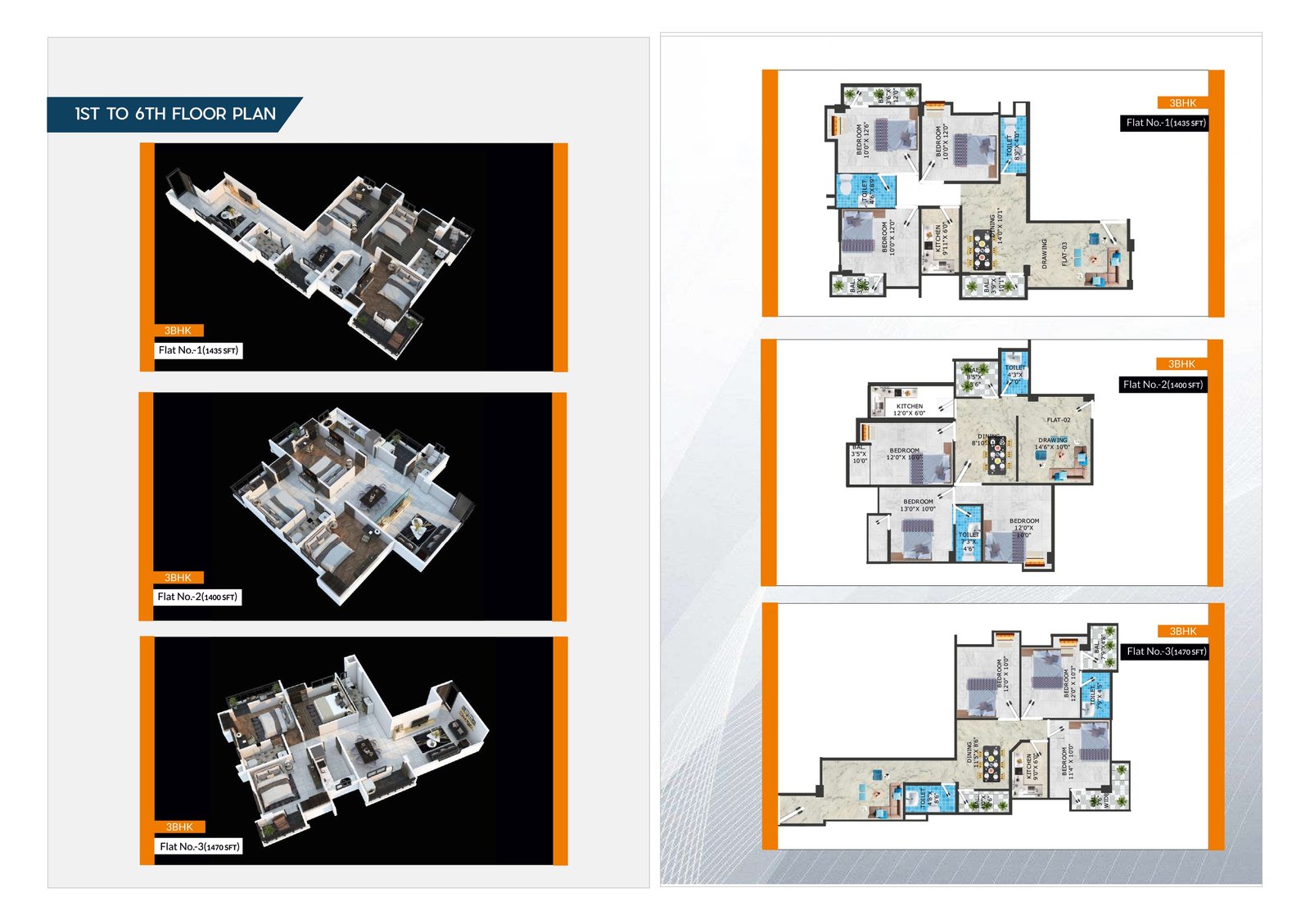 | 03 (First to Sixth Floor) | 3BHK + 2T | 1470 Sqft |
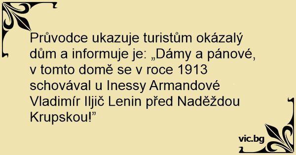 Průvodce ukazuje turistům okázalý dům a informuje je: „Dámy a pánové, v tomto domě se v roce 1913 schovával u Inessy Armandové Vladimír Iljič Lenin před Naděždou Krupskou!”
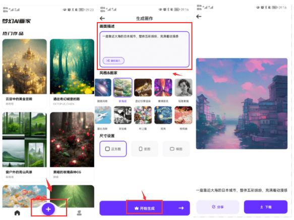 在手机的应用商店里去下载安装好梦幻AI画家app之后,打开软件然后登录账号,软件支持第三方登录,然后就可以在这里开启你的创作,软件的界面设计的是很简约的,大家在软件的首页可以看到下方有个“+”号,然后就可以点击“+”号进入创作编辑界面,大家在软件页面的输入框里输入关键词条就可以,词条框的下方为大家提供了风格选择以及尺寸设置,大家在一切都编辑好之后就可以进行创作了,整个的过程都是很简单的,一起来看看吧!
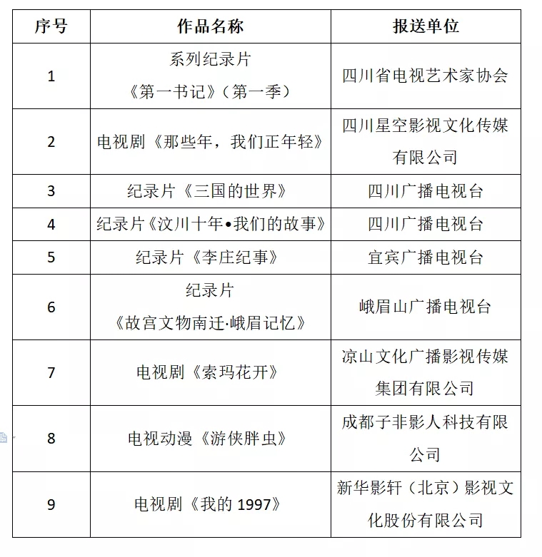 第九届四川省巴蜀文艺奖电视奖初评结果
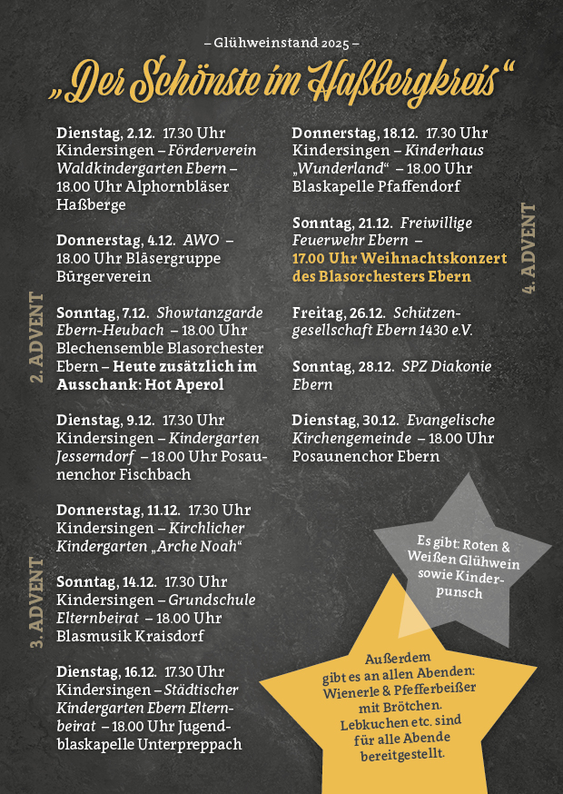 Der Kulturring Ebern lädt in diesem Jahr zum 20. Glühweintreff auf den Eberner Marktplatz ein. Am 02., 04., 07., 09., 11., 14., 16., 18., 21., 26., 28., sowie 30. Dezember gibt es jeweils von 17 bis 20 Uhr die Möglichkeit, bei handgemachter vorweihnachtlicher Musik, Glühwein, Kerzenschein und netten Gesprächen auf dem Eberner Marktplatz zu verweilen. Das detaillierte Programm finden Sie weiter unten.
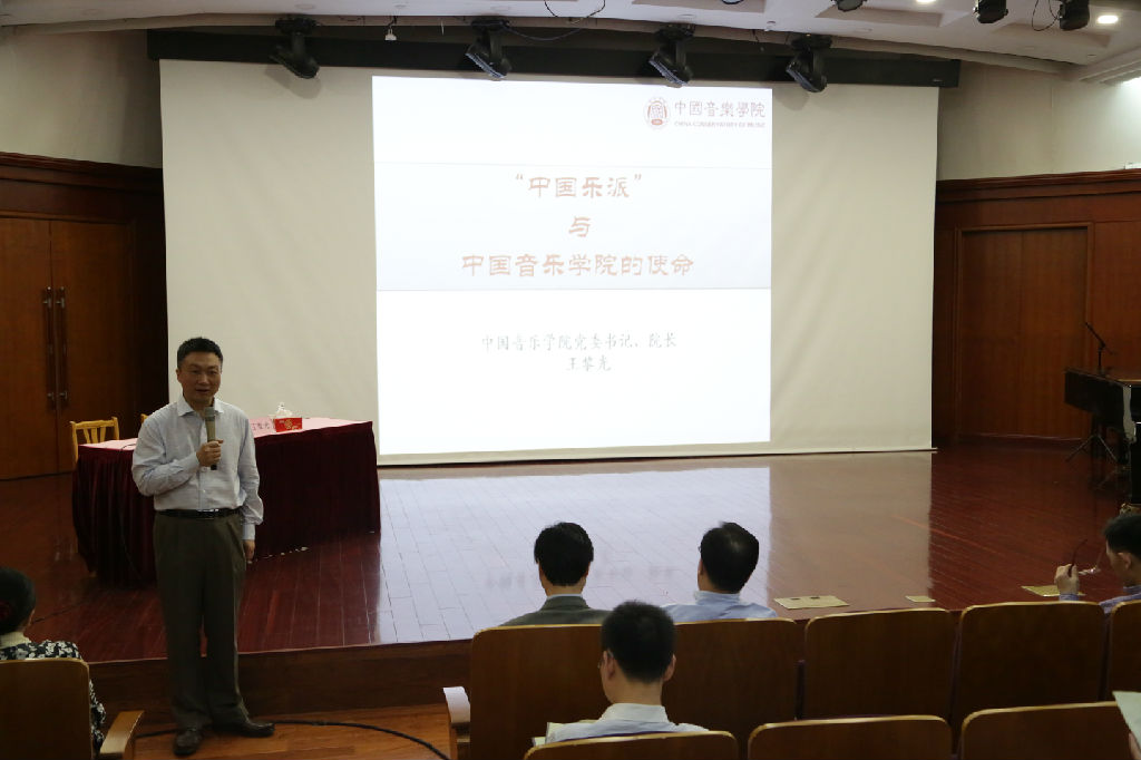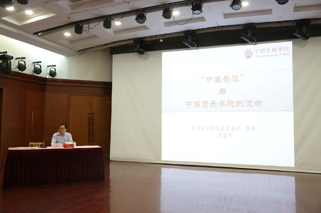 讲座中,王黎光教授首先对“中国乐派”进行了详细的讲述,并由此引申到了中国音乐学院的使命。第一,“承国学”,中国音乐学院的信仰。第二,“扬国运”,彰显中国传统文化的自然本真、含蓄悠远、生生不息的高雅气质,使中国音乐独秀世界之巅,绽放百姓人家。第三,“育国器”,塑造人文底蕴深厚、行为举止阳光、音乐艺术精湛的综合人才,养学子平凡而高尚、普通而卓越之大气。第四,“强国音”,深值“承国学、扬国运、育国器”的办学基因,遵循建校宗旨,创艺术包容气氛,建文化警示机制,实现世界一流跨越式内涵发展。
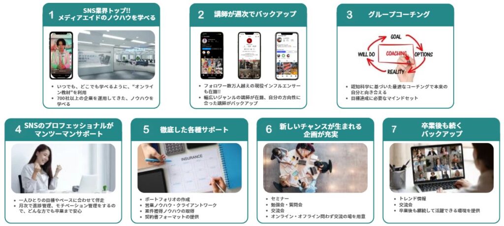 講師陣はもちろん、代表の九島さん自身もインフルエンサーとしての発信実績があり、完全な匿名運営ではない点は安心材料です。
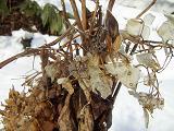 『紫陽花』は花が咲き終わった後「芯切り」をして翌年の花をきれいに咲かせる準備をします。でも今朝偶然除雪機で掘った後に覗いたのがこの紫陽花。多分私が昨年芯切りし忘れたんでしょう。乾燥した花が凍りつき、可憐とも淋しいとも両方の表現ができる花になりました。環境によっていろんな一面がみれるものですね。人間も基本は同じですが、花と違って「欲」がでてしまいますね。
____
• **Task statement**:
Leave the pictures out and copy the rest of the data exactly.

• **Reply to the exercise**:
 | 03 (First to Sixth Floor) | 3BHK + 2T | 1470 Sqft |
 Průvodce ukazuje turistům okázalý dům a informuje je: „Dámy a pánové, v tomto domě se v roce 1913 schovával u Inessy Armandové Vladimír Iljič Lenin před Naděždou Krupskou!”
 在手机的应用商店里去下载安装好梦幻AI画家app之后,打开软件然后登录账号,软件支持第三方登录,然后就可以在这里开启你的创作,软件的界面设计的是很简约的,大家在软件的首页可以看到下方有个“+”号,然后就可以点击“+”号进入创作编辑界面,大家在软件页面的输入框里输入关键词条就可以,词条框的下方为大家提供了风格选择以及尺寸设置,大家在一切都编辑好之后就可以进行创作了,整个的过程都是很简单的,一起来看看吧!
 第九届四川省巴蜀文艺奖电视奖初评结果
 Der Kulturring Ebern lädt in diesem Jahr zum 20. Glühweintreff auf den Eberner Marktplatz ein. Am 02., 04., 07., 09., 11., 14., 16., 18., 21., 26., 28., sowie 30. Dezember gibt es jeweils von 17 bis 20 Uhr die Möglichkeit, bei handgemachter vorweihnachtlicher Musik, Glühwein, Kerzenschein und netten Gesprächen auf dem Eberner Marktplatz zu verweilen. Das detaillierte Programm finden Sie weiter unten.
 讲座中,王黎光教授首先对“中国乐派”进行了详细的讲述,并由此引申到了中国音乐学院的使命。第一,“承国学”,中国音乐学院的信仰。第二,“扬国运”,彰显中国传统文化的自然本真、含蓄悠远、生生不息的高雅气质,使中国音乐独秀世界之巅,绽放百姓人家。第三,“育国器”,塑造人文底蕴深厚、行为举止阳光、音乐艺术精湛的综合人才,养学子平凡而高尚、普通而卓越之大气。第四,“强国音”,深值“承国学、扬国运、育国器”的办学基因,遵循建校宗旨,创艺术包容气氛,建文化警示机制,实现世界一流跨越式内涵发展。
 講師陣はもちろん、代表の九島さん自身もインフルエンサーとしての発信実績があり、完全な匿名運営ではない点は安心材料です。
 『紫陽花』は花が咲き終わった後「芯切り」をして翌年の花をきれいに咲かせる準備をします。でも今朝偶然除雪機で掘った後に覗いたのがこの紫陽花。多分私が昨年芯切りし忘れたんでしょう。乾燥した花が凍りつき、可憐とも淋しいとも両方の表現ができる花になりました。環境によっていろんな一面がみれるものですね。人間も基本は同じですが、花と違って「欲」がでてしまいますね。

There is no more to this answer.